Stochastic interventions based on propensity modification

Published

November 1, 2025


Stochastic interventions

Summary:

  • Stochastic interventions offer flexible ways to randomize treatment allocation. They are useful when hard interventions are impractical or lead to positivity problems.

From agricultural field trials to modern biomedicine, science advances by posing causal and counterfactual questions such as what would happen under a different action, policy, treatment dose, or regimen?, and then intervening in the system to gather evidence and test such queries (Fisher 1935; Pearl 2009; Imbens and Rubin 2015). Randomized controlled experiments are considered the scientific gold standard for isolating causal effects, but real-world constraints; including ethical, logistical, and economic considerations; often make deterministic population-wide interventions unfeasible. Thus, in some contexts and domains, experimental interventions on the population may be impractical altogether, requiring inference from observational data.

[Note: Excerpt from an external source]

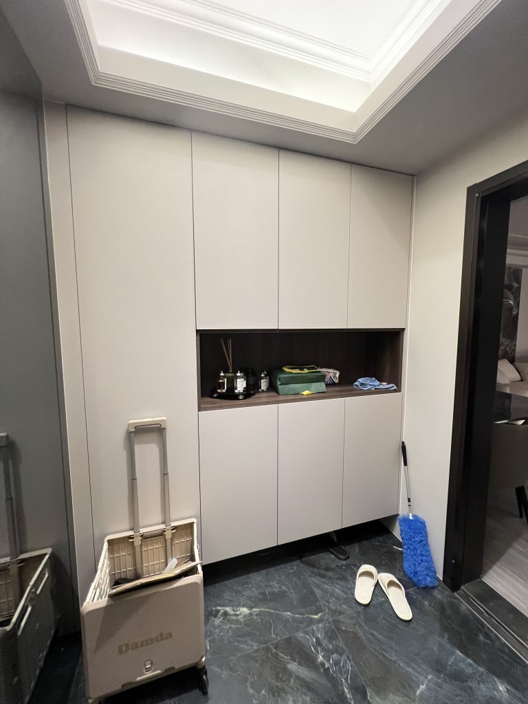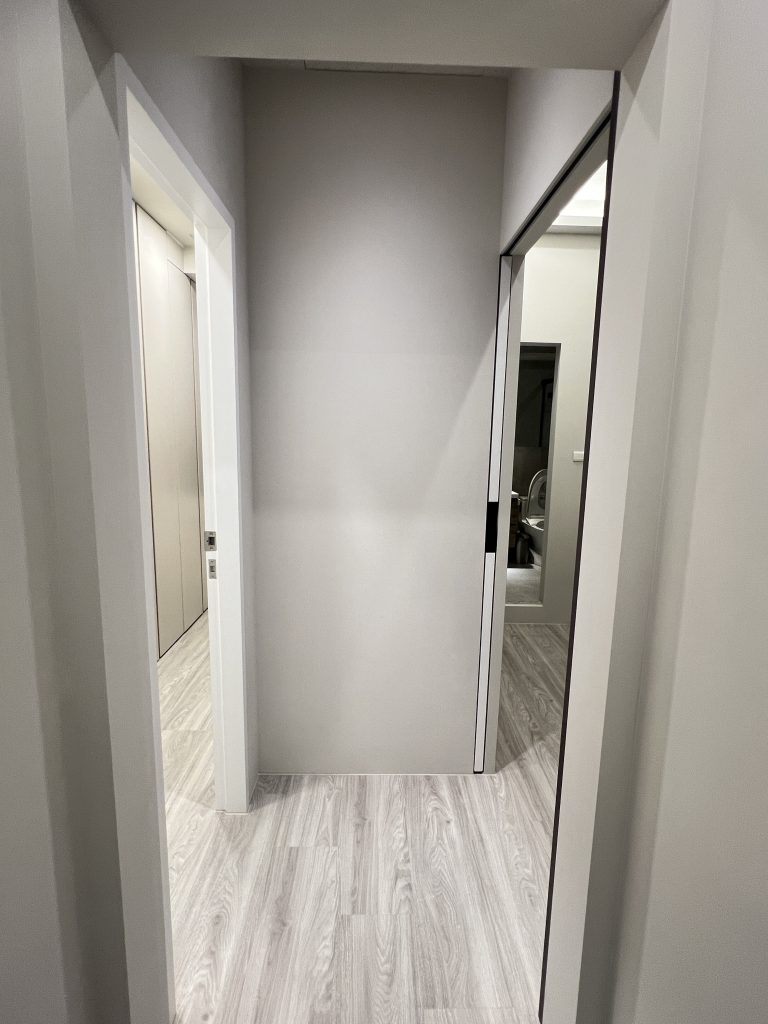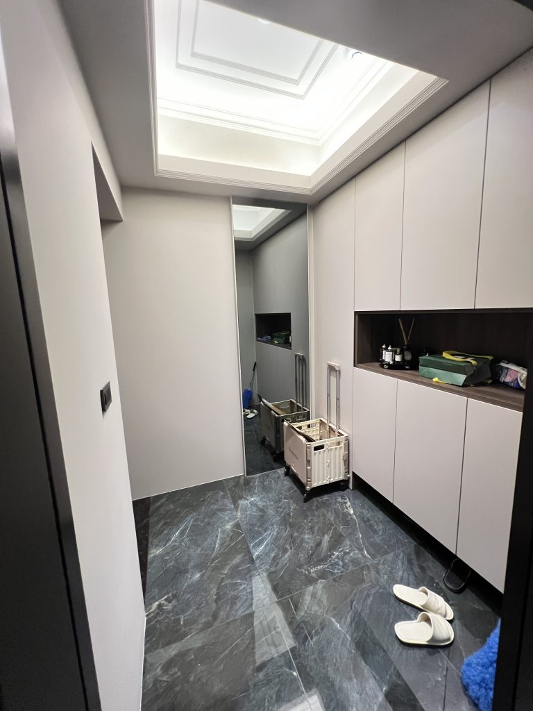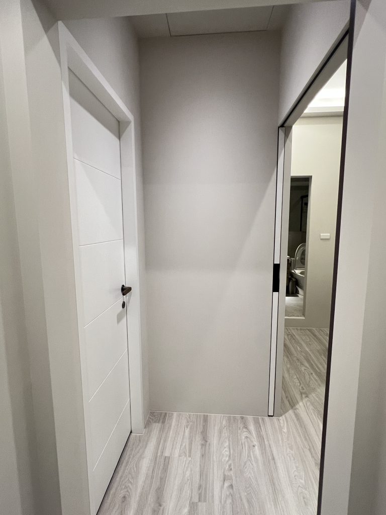 這是一個位於內湖,充滿現代輕奢質感的居住空間。設計團隊以低飽和度的灰階特殊塗料為牆面基底,搭配弧形沙發的柔和線條,營造出沈穩卻不冰冷的現代美學。

On top of this, hard interventions, given by deterministic allocations to fixed treatment values, may be unrealistic or lead to unstable inference from observational data (e.g. under limited overlap or positivity issues). Stochastic or soft interventions offer a practical alternative by allowing surgical modifications in treatment assignment rules using probabilistic or functional shifts (Correa and Bareinboim 2020).

Incremental propensity score interventions

Summary:

  • An IPI modifies the propensity score using a single tuning parameter, creating a continuum of intensities from a non-intervention toward a hard intervention. They do not require a global positivity condition, as hard interventions do.

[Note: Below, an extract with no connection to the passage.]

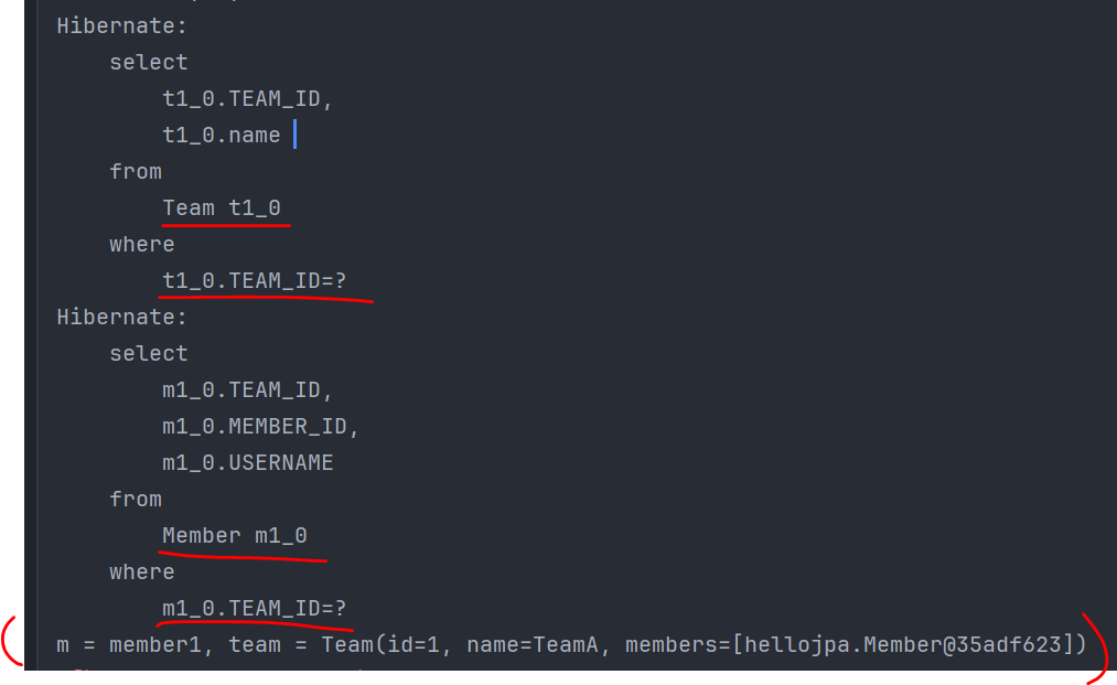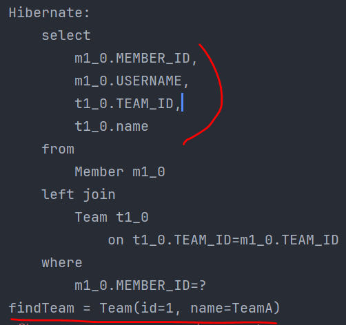 이런식으로 멤버객체를 가져오는게 객체지향 방식일것이다. [ 객체 그래프 탐색 방식 ]

An incremental propensity score intervention (IPI) is a type of stochastic intervention that, unlike more general approaches —that may change the exposure mechanism’s parents, add auxiliary noise, or alter the underlying \(\sigma\)-algebra—, adjusts only the organic propensity score via a single tuning parameter. This parameter smoothly tilts the treatment odds in a controlled and interpretable way (scaling the odds by a constant factor), which supports analyses across a continuum of intervention intensities (Kennedy 2018).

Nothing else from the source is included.